Hattie McDaniel Residence

The Period Revival residence at 2203 South Harvard Boulevard was home to actress Hattie McDaniel beginning in the 1940s.

Born in 1895 to two former slaves in Wichita, Kansas, McDaniel became the first black American to win an Academy Award in 1939. She was honored for her role as Mammy in Gone with the Wind.

McDaniel identified as a bisexual woman and was married four times. In 1941, she moved into the Sugar Hill neighborhood of Los Angeles.

At that time, Sugar Hill was popular among black celebrities (some notable residents include Joe Louis, Little Richard, Ray Charles, and "Sweet Daddy" Grace). Her house was designed by local architect Lester S. Moore in 1911. 

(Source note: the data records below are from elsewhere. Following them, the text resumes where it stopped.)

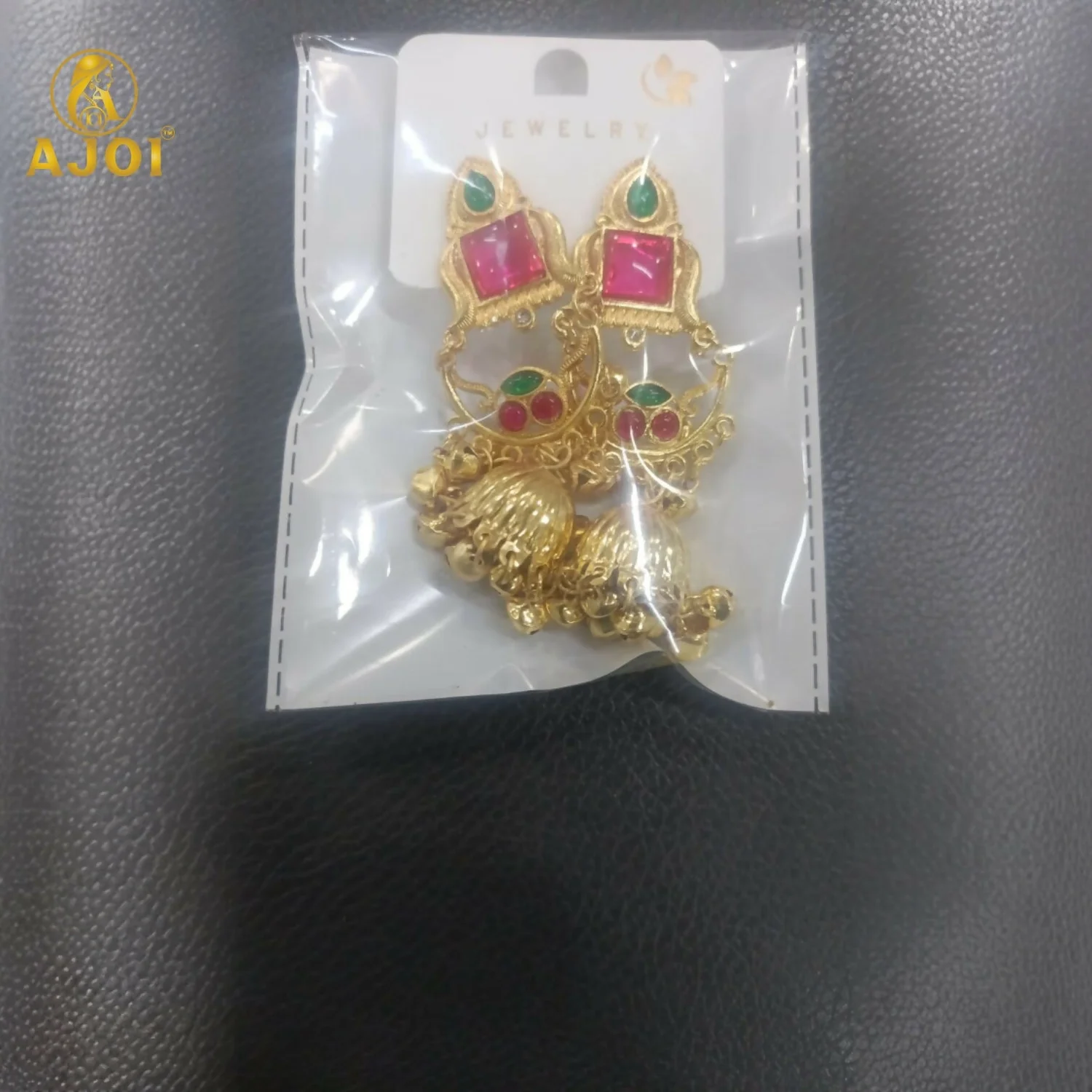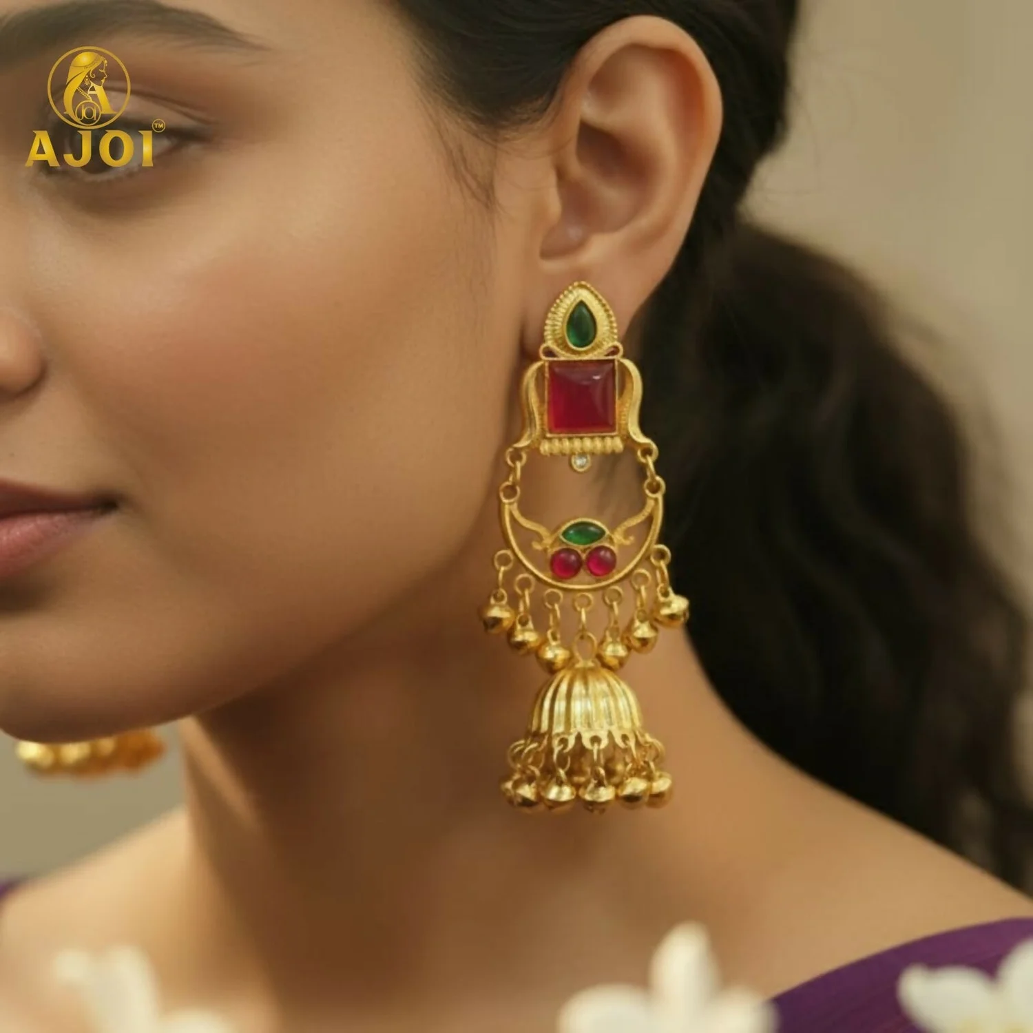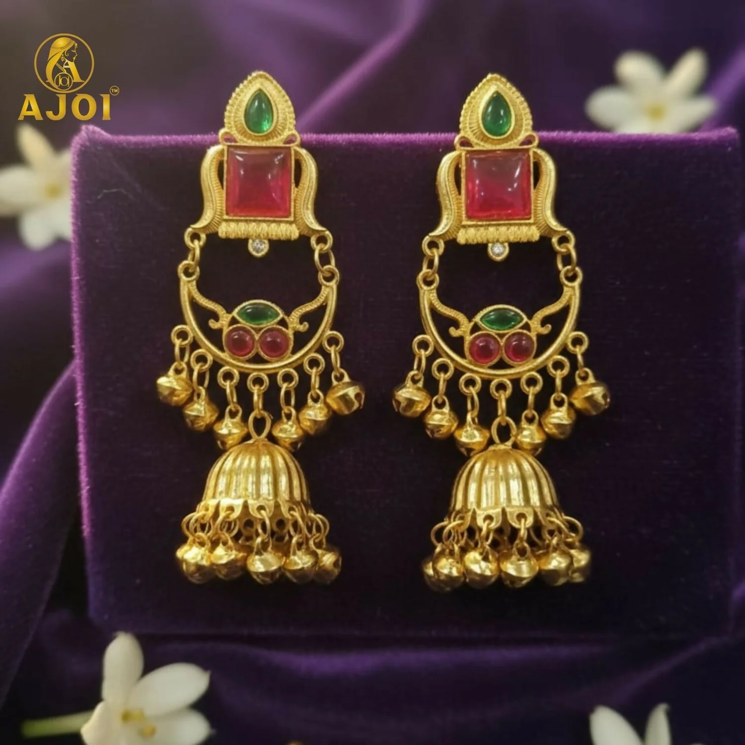 Add a royal touch to your jewellery collection with these premium gold plated jhumka earrings, beautifully designed to reflect traditional elegance. The earrings feature a stylish top stud adorned with a green teardrop stone and a square red stone, giving a rich and graceful appearance.
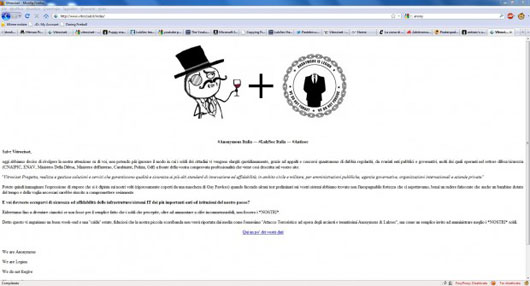 Proprio la home page dell’azienda sarebbe stata sostituita con un comunicato congiunto firmato da Anonymous e LulsZec in cui si accusa la Vitrociset di non meritare i soldi pubblici che le vengono corrisposti per occuparsi della "sicurezza e affidabilità delle infrastrutture/sistemi dei più importanti enti e istituzioni del nostro Paese".
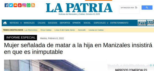 - -Manizales. Menor, de 2 años, asesinada, al parecer, por la mamá.
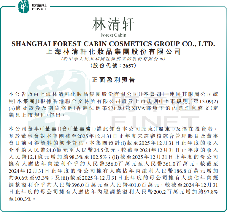 數據顯示,2025年,林清軒預計實現收入介乎24.0億元至24.5億元(單位人民幣,下同),同比增長98.3%至102.5%;歸母淨利潤介乎3.56億元至3.61億元,同比增長90.6%至93.3%;經調整後淨利潤介乎3.96億元至4.01億元,同比增長97.8%至100.3%。
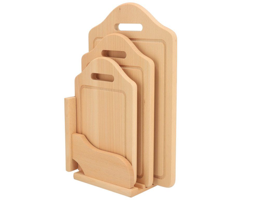 Sada 3 rôznych veľkých dosiek vyrobených z masívneho bukového dreva, ktoré oceníte pri krájaní alebo servírovaní. Netupí nože a má praktický stojan.
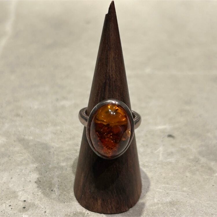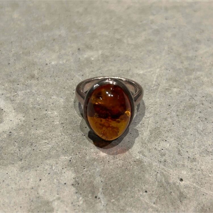 大きな琥珀がデザインされたシルバーリングです。
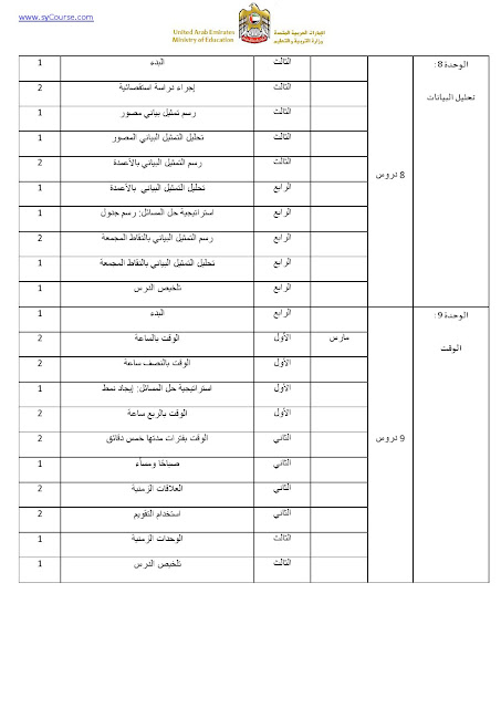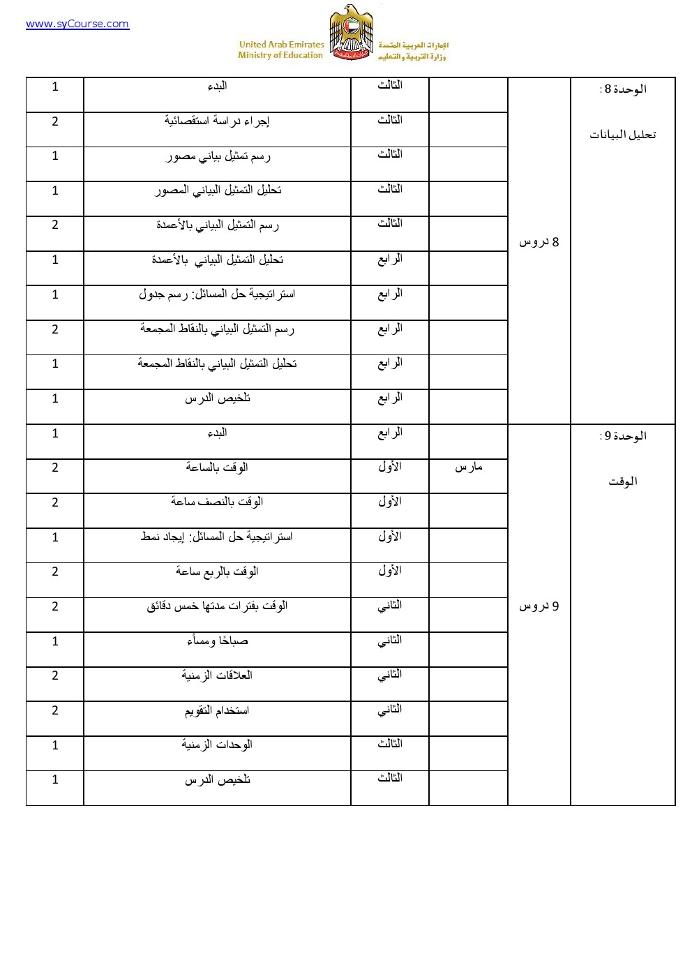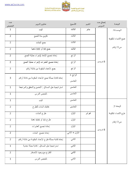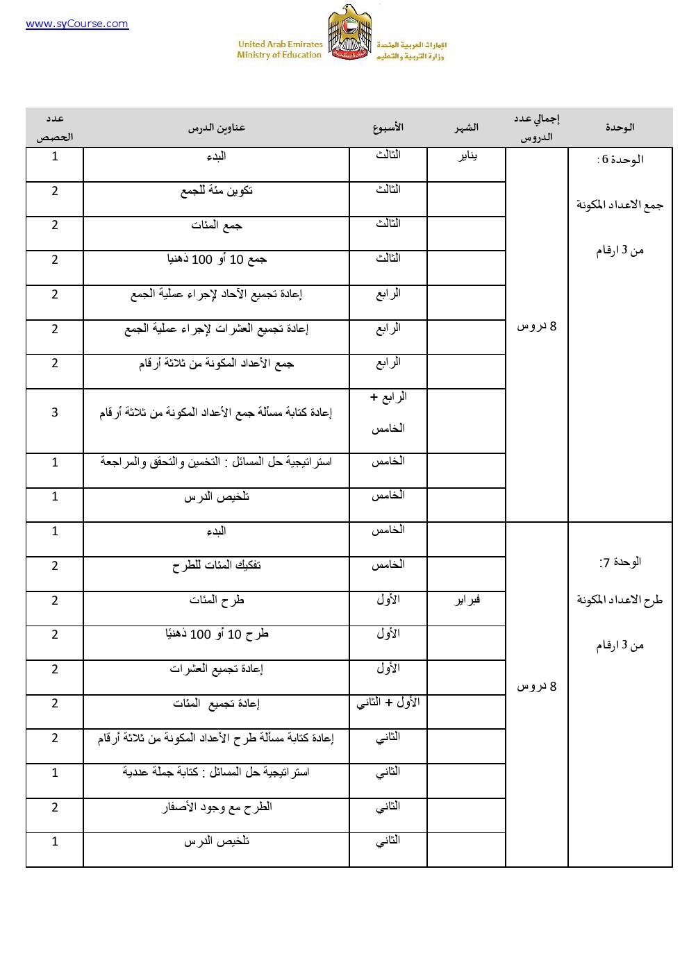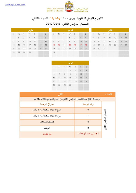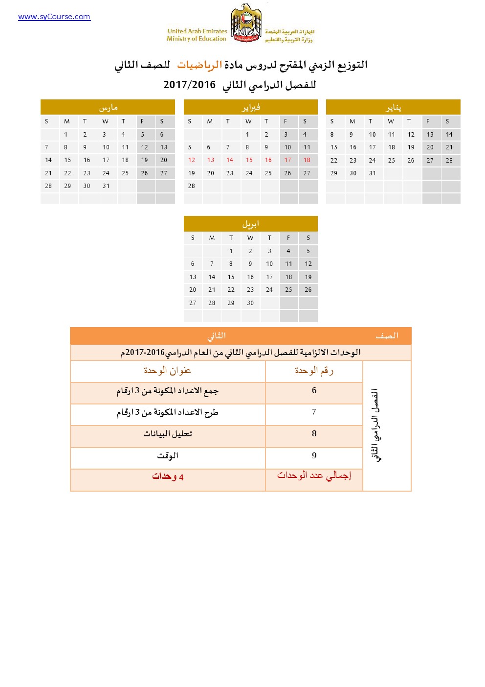 الصف الثاني, الفصل الثاني, رياضيات, التوزيع الزمني للعام الدراسي 2016-2017 وفق المنهاج الاماراتي الحديث

In 1949, white residents filed a lawsuit against McDaniel and other black homeowners in the Sugar Hill neighborhood because their property deeds forbade sale to non-Caucasians.

After she was taken to court, a judge ruled in favor of McDaniel and other black homeowners on the grounds of the 14th Amendment. This amendment prohibits depriving individuals of life, freedom, and property without due process of law, and also prohibits the state from curtailing the privileges and protections of citizens.

McDaniel died in 1952 at the age of 57.

McDaniels' victory in the Sugar Hill case and her substantial Hollywood career demonstrate the many intersections of class, race, gender, and sexuality that come to make up the identities of LGBTQ individuals of color.

During her time in Hollywood, McDaniel was one of many Hollywood character actresses or leading ladies who were known for having non-conforming sexual or gender identities.

Others include Judith Anderson, Tallulah Bankhead, Louise Brooks, Spring Byington, Constance Collier, Joan Crawford, Marlene Dietrich, Peggy Fears, Greta Garbo, Katherine Hepburn, Elissa Landi, Marjorie Min, Agnes Moorehead, Nita Naldi, Pola Negri, and Lilyan Tashman.

Since McDaniels' 1939 Academy Award for Best Actress in a Supporting Role, only six black actresses had been similarly recognized as of 2015. None of these women have openly identified as a member of the LGBTQ community.